Wow, those turned out great !!


----------



## FinnTastic (Apr 20, 2009)

AMAZING!!!!! You should enter them into some contest.


----------



## New Golden Mom (Dec 17, 2008)

Wow...those are awesome!!


----------



## GoldenJoyx'stwo (Feb 25, 2007)

You have been carving the best pumpkins for years!


----------



## Mad's Mom (Oct 28, 2008)

Those are amazing!!!!!

I wish I lived closer so you could do my pumpkin. I bought three pumpkins to give to 3 little girls in my neighbourhood on the condition that one of the pumpkins came back to live with me. Needless to say my pumpkin does not look nearly that cool!


----------



## EvilNessCroft (Feb 17, 2009)

Great job! It looks really good!


----------



## 3SweetGoldens (Feb 28, 2007)

You did such a GREAT job!!!  I was going to do a Golden one and a Doxie one, but haven't seemed to get to it! :no: I just Love both of them!


----------



## Tailer'sFolks (Feb 27, 2007)

Oakly n Caue...couldn't miss, but I have had first paw encounters! Great Job Rob!! A Friend did one for Tailer's Birfhday, kinda looks like him too. I think it's kinda cool, she got it off the internet & it took her 3 hours! I don't have the patience! I'd rather be tossing the tennis ball!


----------



## Oaklys Dad (Dec 28, 2005)

Tailer'sFolks said:


> Oakly n Caue...couldn't miss, but I have had first paw encounters! Great Job Rob!! A Friend did one for Tailer's Birfhday, kinda looks like him too. I think it's kinda cool, she got it off the internet & it took her 3 hours! I don't have the patience! I'd rather be tossing the tennis ball!

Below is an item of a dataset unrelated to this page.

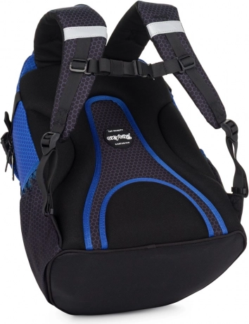 Przemyślany układ z dwiema pojemnymi komorami pomieści wszystkie przybory szkolne. Boczne elastyczne kieszenie są idealne na butelkę z napojem, a przednia kieszonka bezpiecznie przechowa mniejszą przekąskę lub drobiazgi. Sztywne dno zapewnia stabilność samodzielnie stojącego plecaka, a elementy odblaskowe zwiększają widoczność dziecka o zmierzchu i w nocy.

Tailer makes a fine looking pumpkin head too. :


----------



## jwemt81 (Aug 20, 2008)

Wow! That is amazing! I can barely even carve a smiley face in a pumpkin. DH always laughs at my many failed attempts!


----------



## LibertyME (Jan 6, 2007)

Great job Rob!!!
Your boys make great pumpkin heads!


----------



## hotel4dogs (Sep 29, 2008)

those are amazing! I cheated and looked at the answer, though....
but the pumpkins are simply incredible.


----------



## nellie'smom (Dec 27, 2007)

That is so neat! I'll have to show my niece Kaylee, she will love it!


----------



## Griffyn'sMom (Mar 22, 2007)

Awesome! It's very obvious who is who! Wonderful job!


----------



## Noey (Feb 26, 2009)

very cool! good job.


----------



## RENEESDOG (Feb 8, 2009)

AWESOME....... Wish I could do that


----------



## Heidi36oh (Feb 27, 2007)

Great job Rob, I would of guessed Caue first and then Oaks


----------



## nixietink (Apr 3, 2008)

Too cool Rob!!! Come here and do one of Vito.


----------



## davebeech (Feb 11, 2006)

Oaklys Dad said:


> You did a better job than Dave did. :


ooops..............sorry Rob !! but I chose that one for Oakly as you made that one look lighter in colour. But they do look so good


----------



## S-Dog's Mom (Jan 9, 2009)

WOW, Rob! AWESOME!


----------



## goldencontriever3 (Nov 7, 2008)

The pumpkins look GREAT!!! You are very talented!


----------



## asiacat (Jan 30, 2009)

those are awesome!!!!!great job!!!


----------



## esSJay (Apr 13, 2009)

These are awesome!! Great job, Rob! Can I mail you my pumpkin and a picture of Molson?  You are quite the talented pumpkin carver, I would love to see some of your actual woodwork projects!


----------



## McSwede (Jan 30, 2007)

Those are incredible carvings!! Well done!

~Jackie


----------



## Bailey & Charlies Mom (Jan 27, 2009)

Wow, great pumpkins!


----------



## Ambesi (Jul 16, 2009)

Awesome job! Those look great!


----------